WASHINGTON, D.C. - Mexico-based homebuilding company Desarrolladora Homex has agreed to settle charges that it reported fake sales of more than 100,000 homes to boost revenues in its financial statements during a three-year period under its previous management.
“We used high-resolution satellite imagery and other innovative investigative techniques to unearth that tens of thousands of purportedly built-and-sold homes were, in fact, nothing but bare soil," said Melissa Hodgman, Associate Director of the The U.S. Securities & Exchange Commission’s Enforcement Division.
The satellite imagery to help uncover the accounting scheme and illustrate its allegation that Homex had not even broken ground on many of the homes for which it reported revenues. The company's stock traded on the Mexican Bolsa, and on the New York Stock Exchange until trading was suspended.
The SEC alleges that Homex, one of the largest homebuilders in Mexico at the time, inflated the number of homes sold during 2014 through 2016 period by approximately 317 percent and overstated its revenue by 355 percent (approximately $3.3 billion).
The SEC complaint highlights that Homex reported revenues from a project site in the Mexican state of Guanajuato where every planned home was purportedly built and sold by Dec. 31, 2011. Satellite images of the project site on March 12, 2012, showed it was still largely undeveloped.

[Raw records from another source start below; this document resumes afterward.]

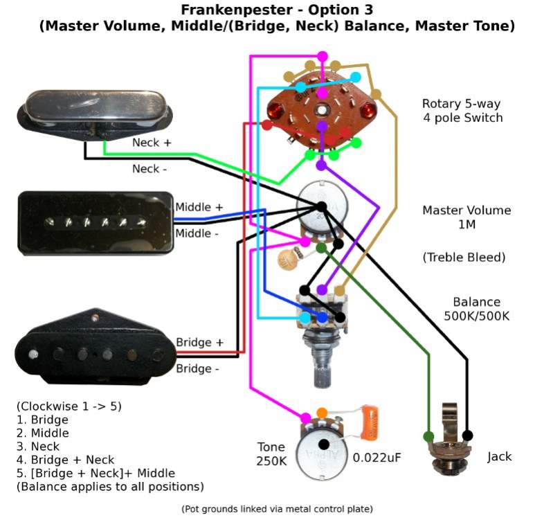 This one has the balance pot set up with the P90 on one half, and whichever of the currently selected Tele pups on the other half. So, if you have the balance set at 100% P90 and 75% 'other' it will give you 75% Bridge in position 1, 75% Neck in position 3, and 75% Bridge + Neck in positions 4 & 5. Or, the reverse, set it to 50% P90 and you'll have 50% P90 in positions 2 and 5 with 100% on the Tele pups in positions 1, 3, 4 & 5. Again, this needs all the poles on the switch so no tone/cap switching.
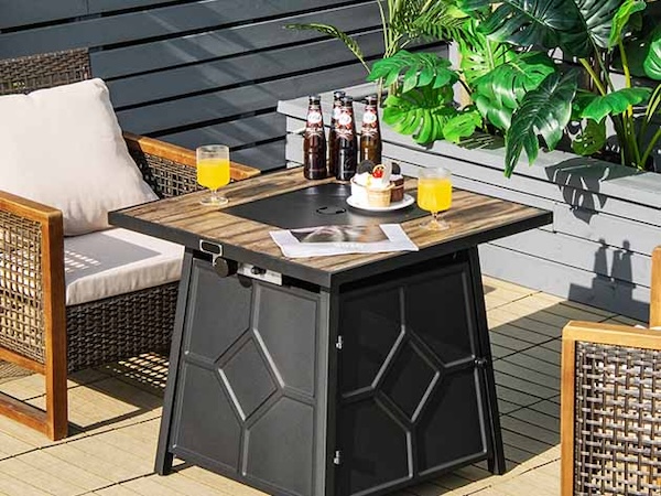 Enjoy outdoor gatherings with this 28” propane fire pit table. Using a standard 20lb propane tank (not included), light the burner and adjust the flame with the control knob as you like. No need for a fire? No problem! It can transform into a table for a morning cup of coffee or a glass of wine in the evening.
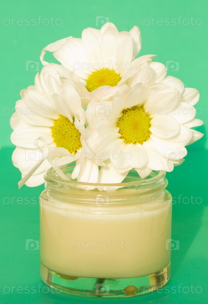 Открытая баночка с кремом и цветок ромашки на зеленом фоне
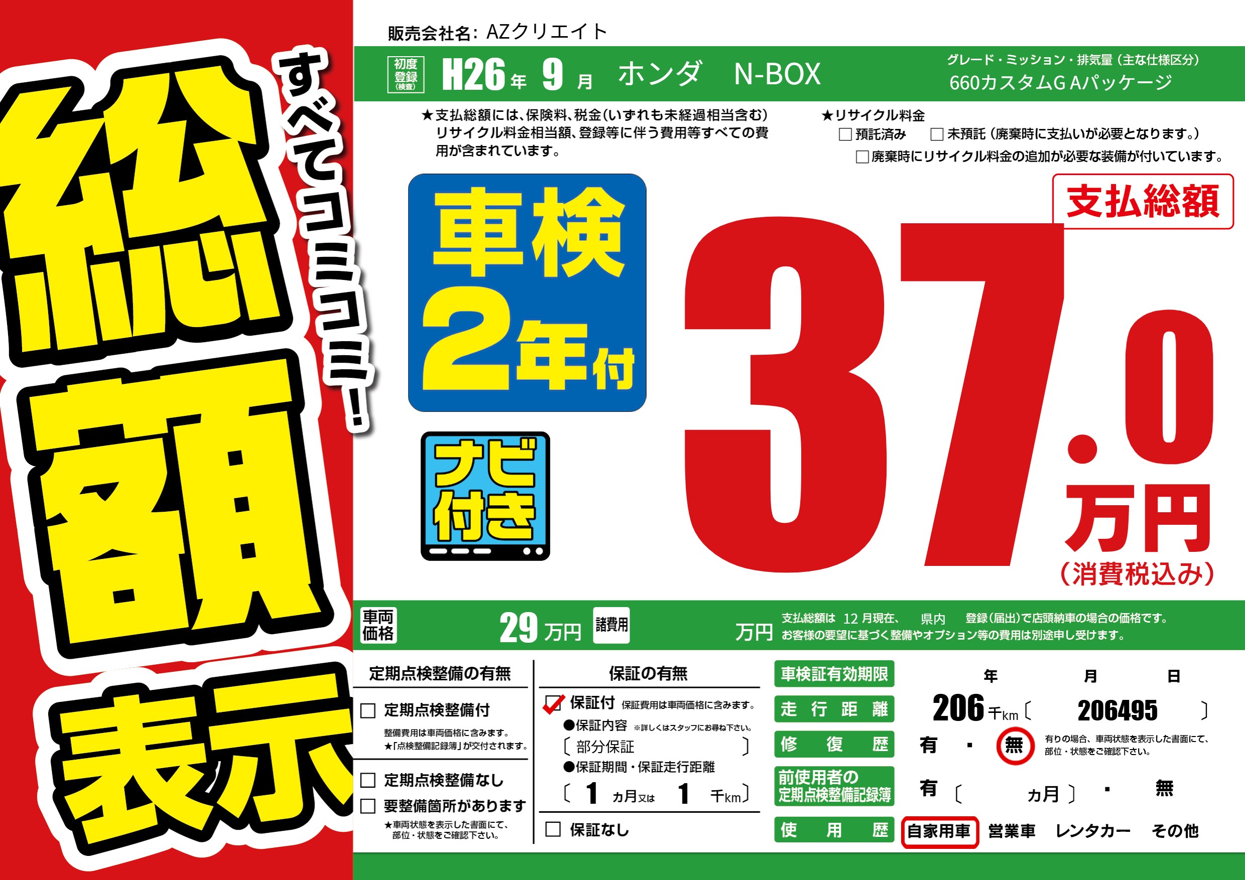 | 走行キロ | 20.6万km | 初年度登録 | H26年9月 |
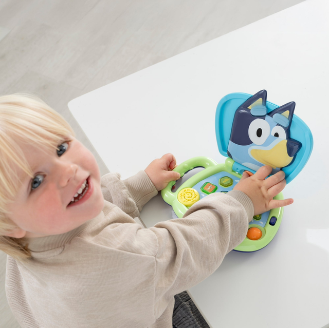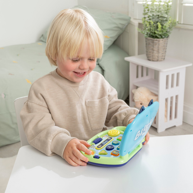 Blueys fun interactive laptop can help children identify colours alongside noise creativity. The Bluey My First Laptop allows little ones to explore interactive buttons to boost hours of fun.
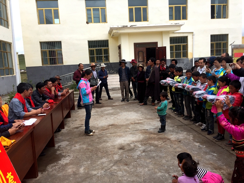 西川监狱党委在落实“双帮”、精准扶贫工作中,注重标本兼顾,想方设法帮助联点结对的贫困村促进经济产出,并时时不忘将助学助教、教育扶贫作为精准扶贫的重要举措,努力改变思想贫困、知识贫困和智慧贫困的不利因素。2016年8月24日,天公虽不作美,党委班子成员王建国、王建祥和监狱民警代表30余人,依然冒着淅沥的秋雨和瑟瑟的凉风,前往监狱结对帮扶的同仁县瓜什则乡赛庆村开展捐赠扶贫助学校服和入户走访送暖活动。
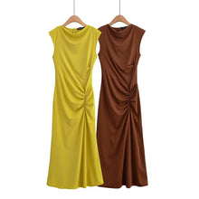Fashionable and Sexy Style Women's Two-color Knitted Pleated Long Dress
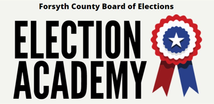 The Forsyth County Board of Elections will host the 2025 Election Academy starting on June 3, 2025, through June 24, 2025 (Tuesdays from 6:00-8:00 p.m.). Friday, May 16, 2025 is the deadline for applications to be submitted. The Election Academy is designed to give citizens a behind-the-scenes look at how elections are prepared and conducted in Forsyth County. In each class, participants will gain insight into the various components and requirements of the election process, such as voter registration, absentee voting, polling places, poll workers, and more.
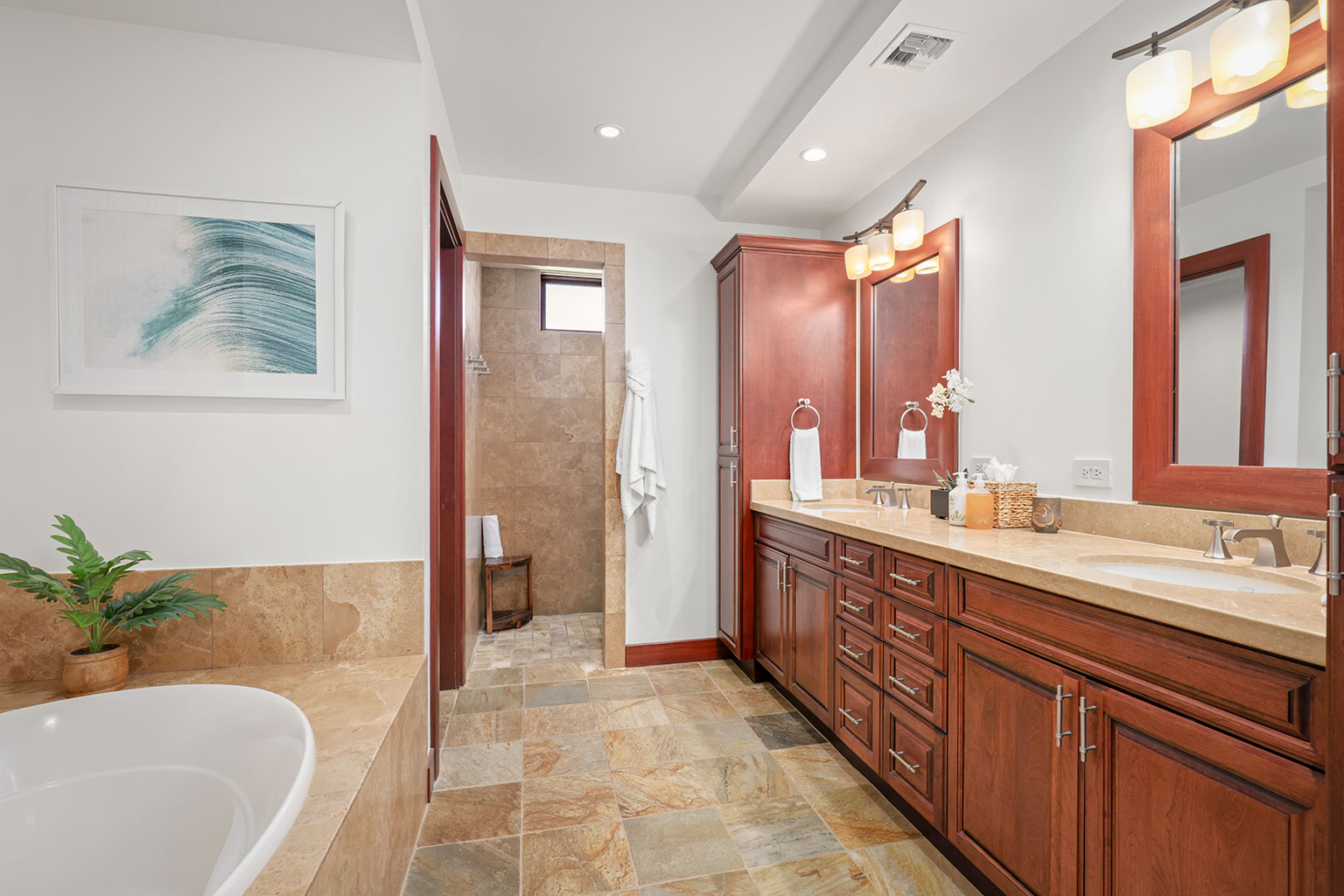 ラナイには家具およびWolf製アウトドアキッチン(BBQグリル、冷蔵庫)が備わっています。このレジデンスは海から約1マイル(約1.6km)の場所にあります。
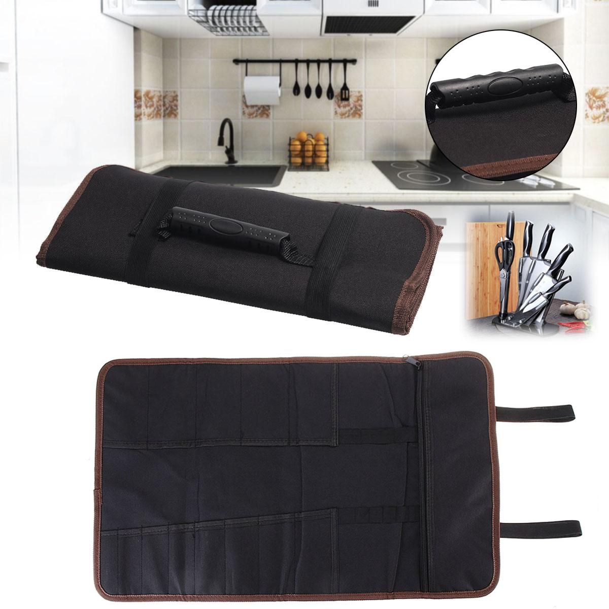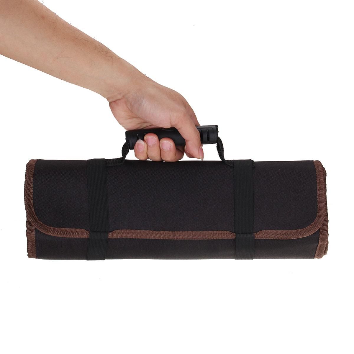 14 Pockets Chef Kn-ife Bag Roll Bag Carry Case Bag Kitchen Portable Storage Color: Brown Material: Knitted fabric Folding size: 35cm x 15cm Unfolding size: 58cm x 35.5cm
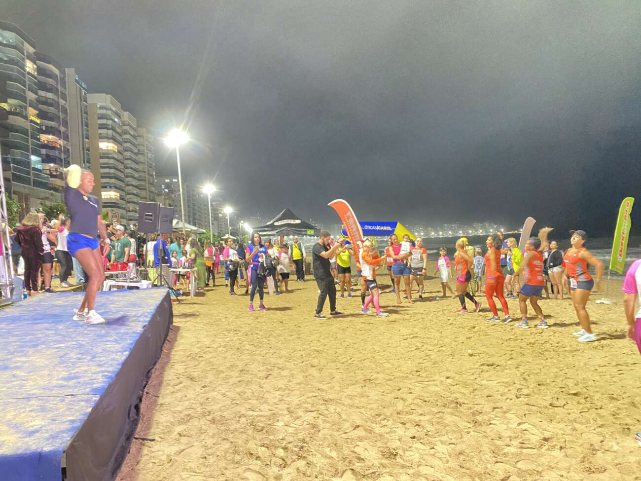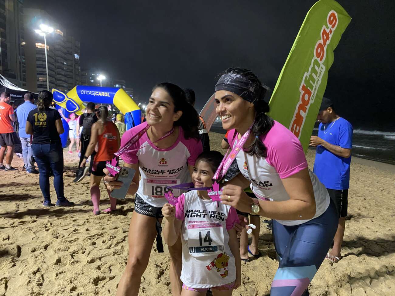 As areias da Praia do Morro, em Guarapari, receberam no sábado (21) centenas de corredores para participarem da Maple Bear Night Run Outubro Rosa. Nem a chuva fina impediu que, além de atletas, a corrida reunisse pais e alunos na programação, que também contou com música e aulas de dança.

Homex develops, constructs and sells affordable entry-level, middle-income and tourism housing in Mexico and Brazil. Founded in Culiacán, the state capital of Sinaloa in 1989, Homex filed for the Mexican equivalent of bankruptcy protection in April 2014 and emerged in October 2015 under new equity ownership.
The company’s then-CEO and then-CFO have been placed on unpaid leave since May 2016. Homex has since undertaken significant remedial efforts and cooperated with the SEC’s investigation.
“Homex deprived its investors of accurate and reliable financial results by reporting key numbers that were almost completely made up,” said Stephanie Avakian, Acting Director of the SEC’s Enforcement Division. “The settlement takes into account that the fraud occurred entirely under the watch of prior ownership and management, the company’s new leaders provided critical information regarding the full scope of the fraudulent conduct.”
Without admitting or denying the allegations in the SEC’s complaint filed in U.S. District Court for the Southern District of California, Homex consented to the entry of a final judgment permanently enjoining the company from violating the antifraud, reporting, and books and records provisions of the federal securities laws, and the company agreed to be prohibited from offering securities in the U.S. markets for at least five years. The settlement is subject to court approval.
The SEC’s investigation is being conducted by Alfred C. Tierney, Benjamin D. Brutlag, Andrew M. Shirley, Juan M. Migone and Richard Hong. The case is being supervised by J. Lee Buck II. The SEC said it received the assistance of the Mexican Comisión Nacional Bancaria y de Valores.